Experimental phasing in the AutoSol GUI

Introduction
Video Tutorial
Input files and mandatory parameters
Running AutoSol
References

Introduction

NOTE: this document is mainly an introduction for users who are not familiar with AutoSol (or experimental phasing in general), rather than a comprehensive reference for the program. The documentation for the command-line version covers the full range of options and functionality.

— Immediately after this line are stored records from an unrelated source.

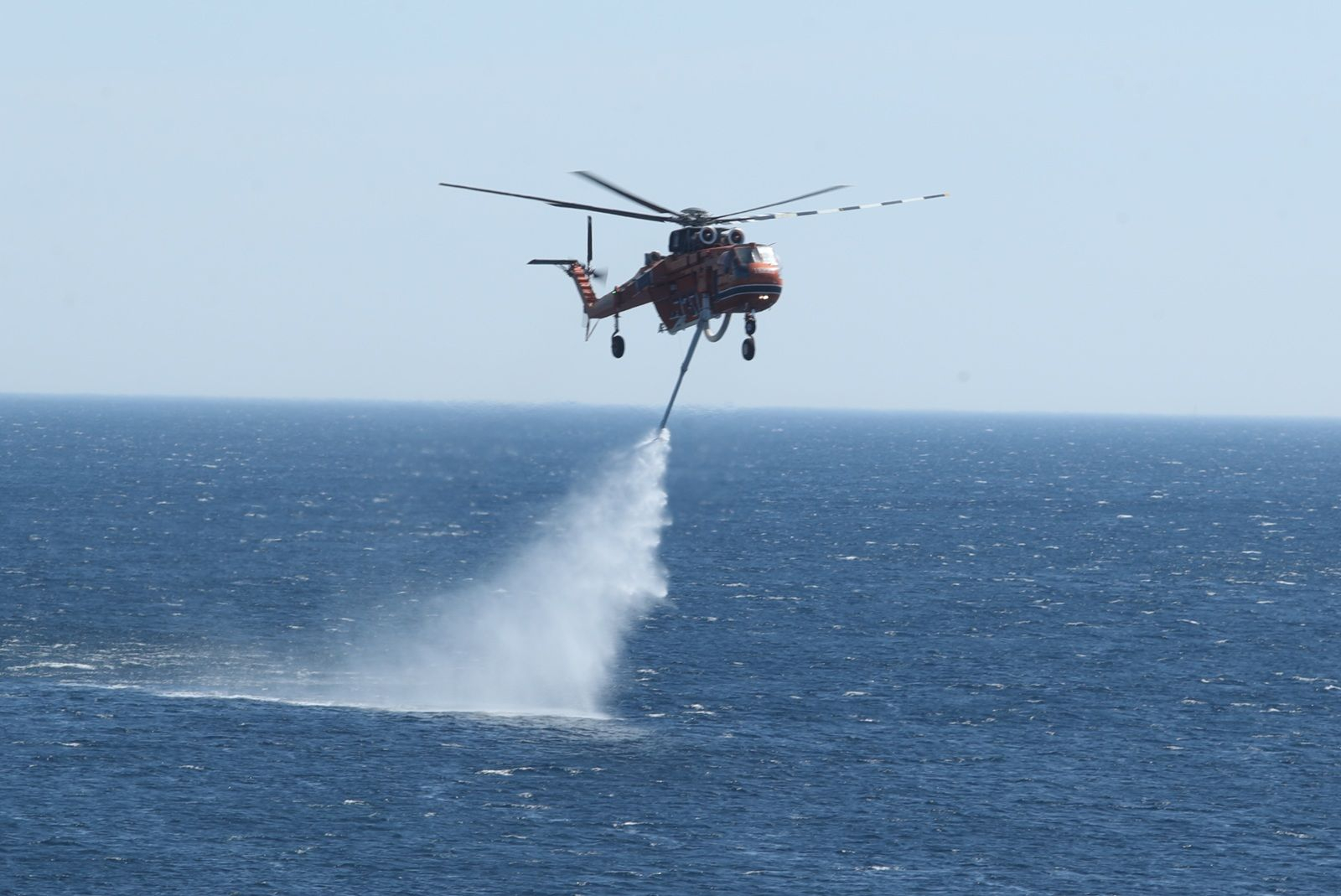 Ελικόπτερο της πυροσβεστικής επιχειρεί στην κατάσβεση της πυρκαγιάς στην Παλαιά Φώκαια Αττικής, Πέμπτη 26 Ιουνίου 2025. Μάχη με τις φλόγες συνεχίζουν να δίνουν οι πυροσβεστικές δυνάμεις στην πυρκαγιά που ξέσπασε λίγο μετά τις 12:30 σε χαμηλή βλάστηση ανάμεσα σε Θυμάρι και Παλαιά Φώκαια Αττικής. Όπως έγινε γνωστό από την Πυροσβεστική η φωτιά εκδηλώθηκε ανάμεσα σε κατοικίες με αποτέλεσμα να υπάρχουν αναφορές για καμένα σπίτια. Για τον λόγο αυτό τρία μηνύματα μέσω του 112 εστάλησαν σε κατοίκους προκειμένου να απομακρυνθούν από τις περιοχές Θυμάρι, Τουρκολίμανο, Καταφύγι και Χάρακα. ΑΠΕ-ΜΠΕ/ΑΠΕ-ΜΠΕ/ΓΙΩΡΓΟΣ ΒΙΤΣΑΡΑΣ
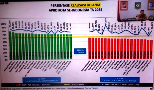 Dari 98 kota di Indonesia, Kota Siantar ternyata memiliki urutan kelima terbawah atau terendah soal serapan anggaran APBD 2025 dengan besaran 54,61 persen.
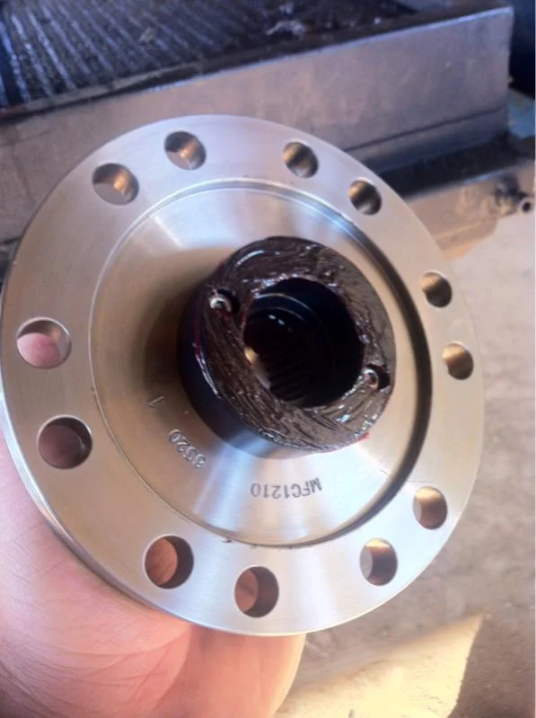 I bought a new bearing to go on the replacement half of the diff, but if you didn't you'll need to press the old one off the half of the diff you just took out and onto the new bit. This is the replacement part that was supplied in the "Marks Adapters" part time 4x4 kit that I have. It just bolts straight back in place of the old part. It has a nylon bush that now supports the front drive spider gear in the differential, which they say to grease up upon installation.
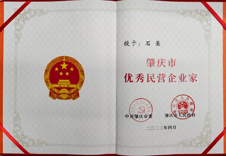 我司董事長石榮獲評為“”肇慶市優秀民營企業家”,這是對石榮在企業經營管理方面所作貢獻的認可。他踐行卓越績效的管理模式,重視員工培訓和發展,同時注重產品質量和客戶服務,為企業的發展奠定了堅實的基礎。
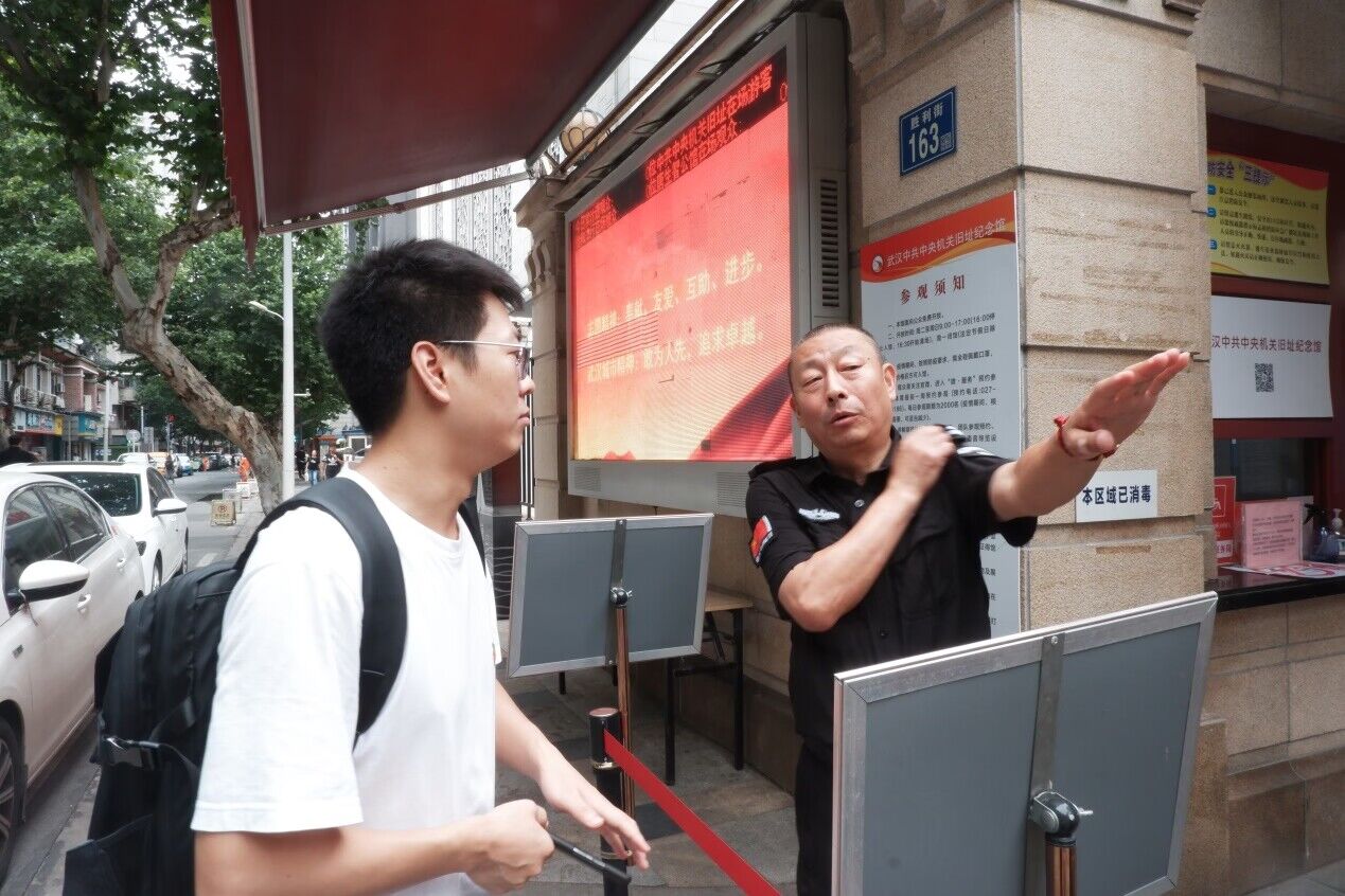 在进入场馆之前,小队成员张世甲、刘航对武汉中共中央机关旧址纪念馆的安保人员进行了访谈。从与安保人员的谈话中得知,在武汉市政府积极改造下,以颇具历史风貌的黎黄陂路为轴心的旅游街区,逐渐从无人问津的私密生活区域向网红打卡空间转变。黎黄陂路从老武汉人都知道但不会刻意进入的街区,变为民国旅拍、婚纱摄影的伊甸园。某种程度而言,游客的到来带火了以中共中央旧址为主体的红色教育基地。安保人员提到,今年端午节期间,中共中央旧址纪念馆一天接待1500人次,红色旅游占据了黎黄陂路街区文化的重要一隅。

AutoSol is an experimental phasing pipeline that combines HySS (Hybrid Substructure Search) for finding heavy-atom sites, Phaser or SOLVE for calculating experimental phases, and RESOLVE for density modification and (optional) model-building. It will automatically try multiple solutions as necessary and determine which is most likely to give the desired result; several different measures of solution quality (discussed below) are supplied. With good data, a partial model can be obtained for an average-size protein (30kD) in under an hour, starting only from scaled reflections and a sequence file.

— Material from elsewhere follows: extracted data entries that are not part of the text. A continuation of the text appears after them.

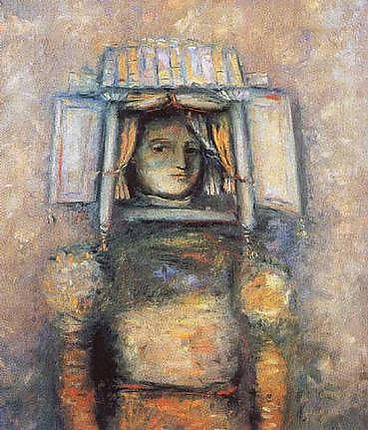 На полотне представлено поясное изображение молодой женщины. Особенность композиции заключается в сложной конструкции на её голове, напоминающей окно с занавесками и раскрытыми ставнями, из которого выглядывает лицо.
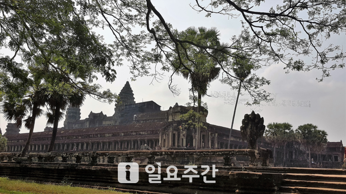 길이 5.4㎞ 성벽과 폭 190m의 해자로 둘러싸인 사원 내부로 들어가면 본전 높이가 65m나 되는 중앙사당을 중심으로 5개의 원뿔형 탑이 펼쳐진다. 앙코르 유적 대부분은 해자와 성벽으로 둘러싸여 있는데, 이는 신들의 세계를 재현하기 위한 요소다. 해자는 바다를, 성벽은 신성한 산맥을 상징하며 신과 인간 세계를 명확하게 구분 짓는다.
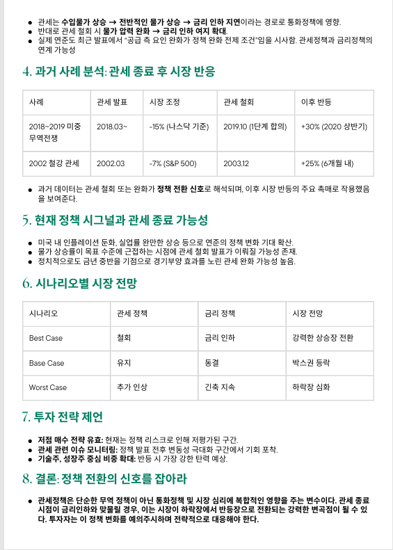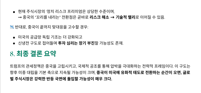 - 무역전쟁 완화 가능성 (관세 철회 및 협상 타결 시 시장 반등 기대)
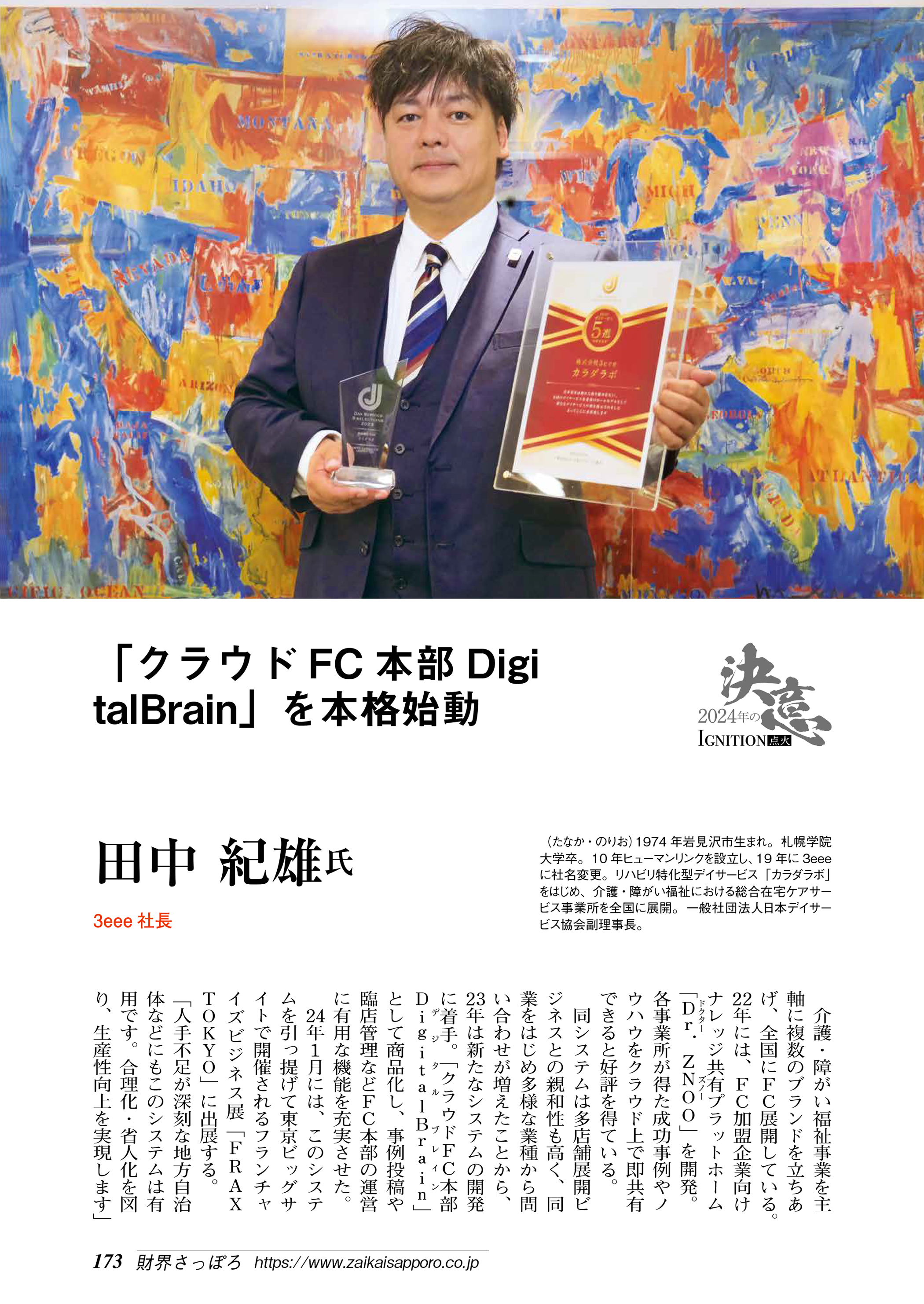 『財界さっぽろ』2024年新年特大号の173ページに、弊社代表取締役・田中 紀雄のインタビューをご掲載いただきました。

The examples below mostly use the p9-sad example included in the Phenix distribution. If you have not previously performed experimental phasing or used AutoSol, we recommend setting up a tutorial project in the GUI and running the full example. Because these data extend to a relatively high resolution (1.7A), AutoSol can build a nearly complete model with R-factors well below 0.3, but to save time you may prefer to truncate the resolution at 2.5A, which will finish in less than 15 minutes.

Video Tutorial

A tutorial video is available on the Phenix YouTube channel and covers the following topics:

basic overview
how to run AutoSol via the GUI
how to interpret the output

Input files and mandatory parameters

Most users will have anomalous data from a single crystal (or merged from multiple similar crystals); although SIR and MIR phasing (with or without anomalous information) is supported, these types of experiment are typically done as a last resort. At a minimum, one reflections file containing scaled anomalous intensities or amplitudes is required. Any input format is supported, and in most cases AutoSol is run immediately after data processing. Files can be added to the input list by dragging them into the main window, or by clicking the "Browse" button and selecting them from a file dialog. The GUI will automatically determine the file type, usually assuming that a SAD or MAD experiment is being performed. In most cases the data labels for reflections will be guessed automatically (in the p9-sad example, only one set of values is available anyway).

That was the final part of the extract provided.